A record 102 teachers (70 male, 32 female) took their own lives in 2001, accounting for almost 0.5 per cent of Japan’s total. Suicide now ranks as the sixth leading cause of death among Japanese people, with 32,143 suicides recorded in 2002, up from 15,000-25,000 in the 10 years before 1997. For people in their 20s and 30s in Japan, it is now the leading cause of death.

Some pundits blame Japan’s prolonged recession, which took a hold in the early 1990s. For educators, the increase in teacher suicides is linked to added pressures of work caused by the government’s overhaul of the curriculum and the huge rise of discipline problems within schools.
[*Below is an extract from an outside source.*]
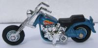 blue, chrome handlebars, HD white on orange circle tank tampo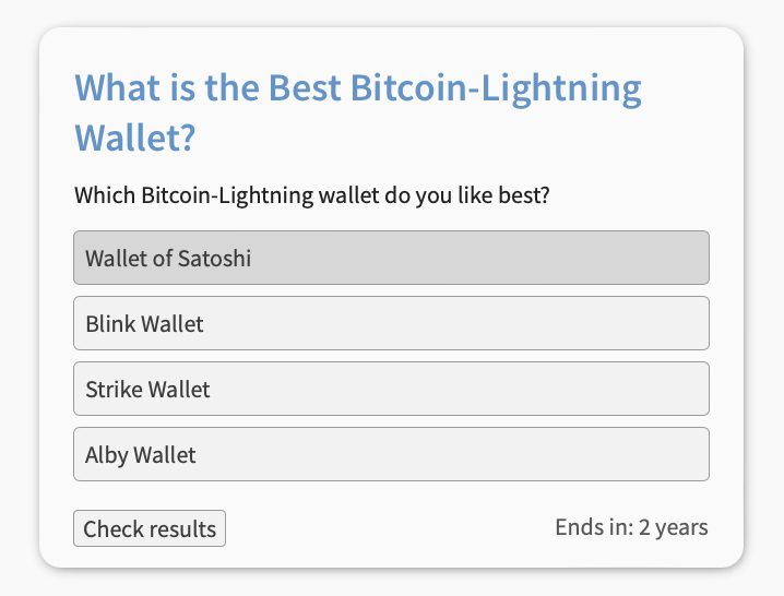 First, cast a vote in a Coinsnap Bitcoin Voting poll box that you placed on your website (just click on your choice).

The school week has been cut from six days to five, but this has actually increased teachers’ workload.

“It is true that the number of teacher suicides has been gradually increasing,” said Tamaki Terazawa of the Japan Teachers’ Union. “It is no doubt linked to an enormous jump in the number of our members who suffer from stress-related mental illness. They made up nearly half of all teachers at the nation’s state schools who took sick leave during last year.”

Remarkably, the education ministry agrees with the union that teachers are now more likely to suffer stress at work, attributing this to “classrooms in disarray, truancy and increased government control over the workplace”.
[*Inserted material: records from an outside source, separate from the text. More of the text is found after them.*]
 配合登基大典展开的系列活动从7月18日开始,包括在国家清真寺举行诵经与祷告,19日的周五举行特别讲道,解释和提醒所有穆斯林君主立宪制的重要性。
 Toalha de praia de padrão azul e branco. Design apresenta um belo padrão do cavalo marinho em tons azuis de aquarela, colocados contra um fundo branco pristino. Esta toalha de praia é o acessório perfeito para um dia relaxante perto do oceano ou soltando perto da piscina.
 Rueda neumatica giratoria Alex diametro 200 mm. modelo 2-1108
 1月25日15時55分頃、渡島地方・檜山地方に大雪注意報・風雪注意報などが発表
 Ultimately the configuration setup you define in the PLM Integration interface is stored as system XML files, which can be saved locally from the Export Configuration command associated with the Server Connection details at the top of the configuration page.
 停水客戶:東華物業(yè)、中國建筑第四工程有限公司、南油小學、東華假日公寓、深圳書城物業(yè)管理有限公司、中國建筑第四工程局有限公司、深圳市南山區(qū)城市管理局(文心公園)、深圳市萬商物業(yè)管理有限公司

Measures introduced by the JTU to help vulnerable teachers include a web page that offers depression advice. The “depression check” involves 20 questions about the typical symptoms of the illness, with answers given a point score according to the degree of severity reported.

Those faced with high depression scores are advised to take leave immediately or seek medical treatment. It is advice that came too late for the three principals who killed themselves last year.

However, doubts have been raised about whether educators could even act on such advice. The head of Takasu elementary school in Hiroshima, Kazuhiro Keitoku, who killed himself in 2001 at the age of 56, was denied leave even though his doctor told his education board he needed a break. So strong is Japan’s work ethic that sometimes the only way out is suicide. A glimpse into Mount Fuji’s forest of doom would tell anybody that.